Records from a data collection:
"""

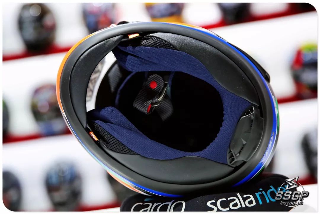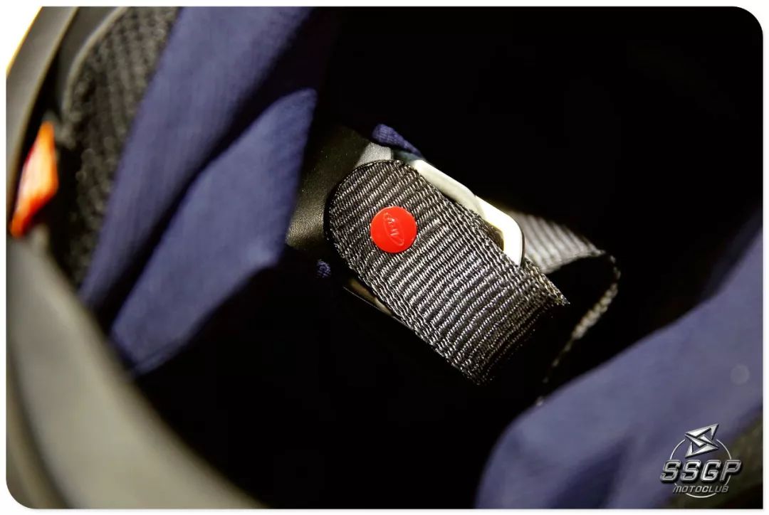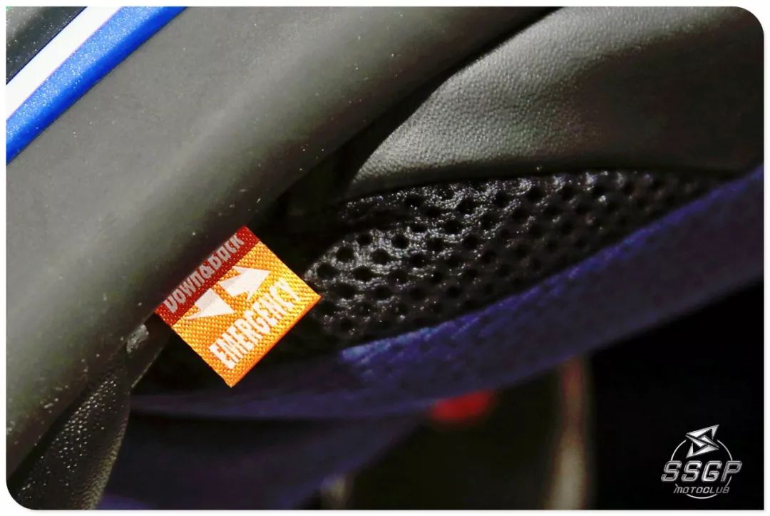 快速摘除裝置,當意外發(fā)生時保護車手頸部的安全裝置。急救需要緊急摘除頭盔時,拉動專用絲帶的簡單操作,便可將可能受傷的頸部所受的負擔降低到最小程度,輕松摘除頭盔。
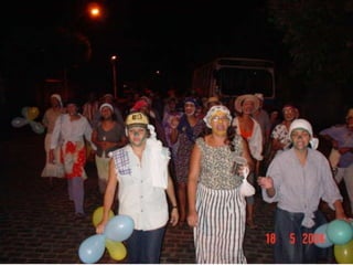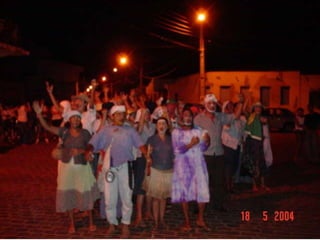 O documento descreve uma atividade de formação em arte e educação realizada na Universidade Estadual da Bahia, focando na criação de um cortejo cênico pelos alunos-professores do curso de pedagogia. As etapas incluem preparação, ensaio e apresentação, enfatizando a importância da expressão artística e da integração comunitária. A arte é apresentada como uma ferramenta para potencializar identidades e promover o desenvolvimento humano.
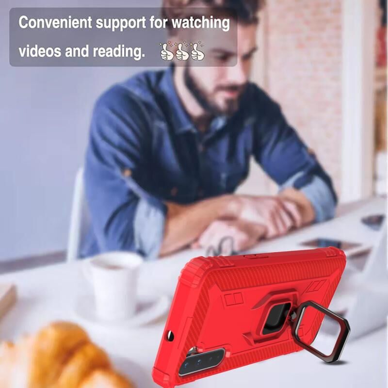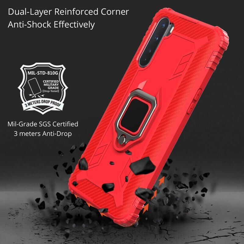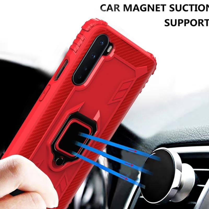 Για OnePlus Nord Carbon Fiber Προστατευτική θήκη με 360 μοίρες περιστρεφόμενο δαχτυλίδι κάτοχος (κόκκινο)
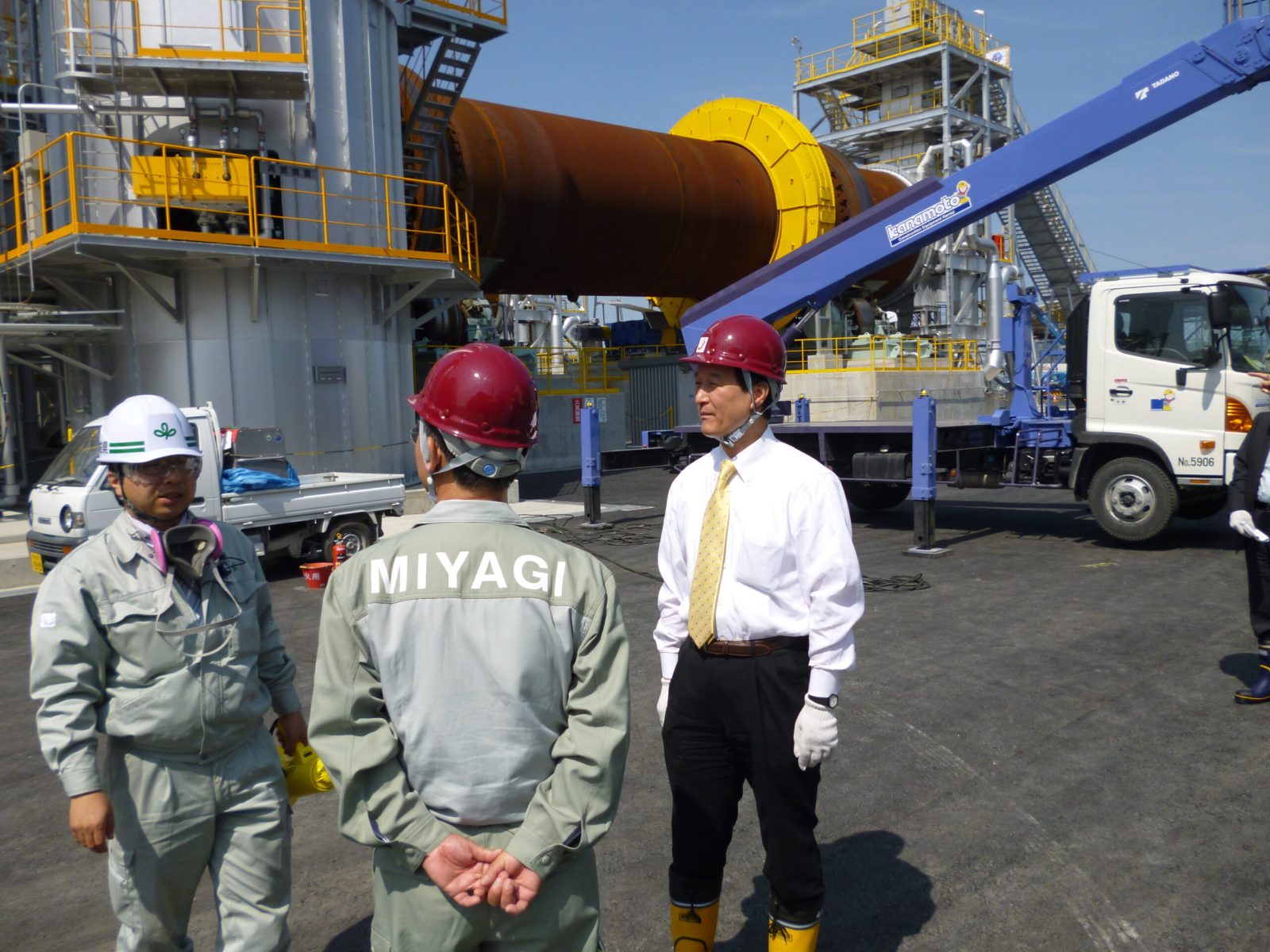 鉄1トンを生産すると2トンのCO2が発生します。石炭に替えて水素で鉄を作る研究開発を、国は2008年から製鉄会社に委託しています。君津市にある製鉄所を訪れ、水素還元製鉄の開発状況について説明を受け、意見を交換しました。(写真 研究施設は秘密ですので写真撮影はできません。研究施設手前の高炉前で撮ったものです。)
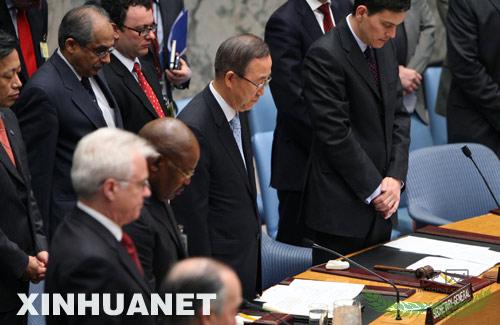 5月20日,在美国纽约联合国总部举行的联合国安理会会议上,联合国秘书长潘基文与安理会成员集体默哀,对中国四川汶川大地震遇难者表示哀悼。新华社记者侯俊摄

"""

- **Exercise**
Output the data above exactly, beginning at its first line and ending with the line that holds "Για OnePlus Nord". Leave out the pictures and add nothing.

- **Task solution**
 快速摘除裝置,當意外發(fā)生時保護車手頸部的安全裝置。急救需要緊急摘除頭盔時,拉動專用絲帶的簡單操作,便可將可能受傷的頸部所受的負擔降低到最小程度,輕松摘除頭盔。
 O documento descreve uma atividade de formação em arte e educação realizada na Universidade Estadual da Bahia, focando na criação de um cortejo cênico pelos alunos-professores do curso de pedagogia. As etapas incluem preparação, ensaio e apresentação, enfatizando a importância da expressão artística e da integração comunitária. A arte é apresentada como uma ferramenta para potencializar identidades e promover o desenvolvimento humano.
 Για OnePlus Nord Carbon Fiber Προστατευτική θήκη με 360 μοίρες περιστρεφόμενο δαχτυλίδι κάτοχος (κόκκινο)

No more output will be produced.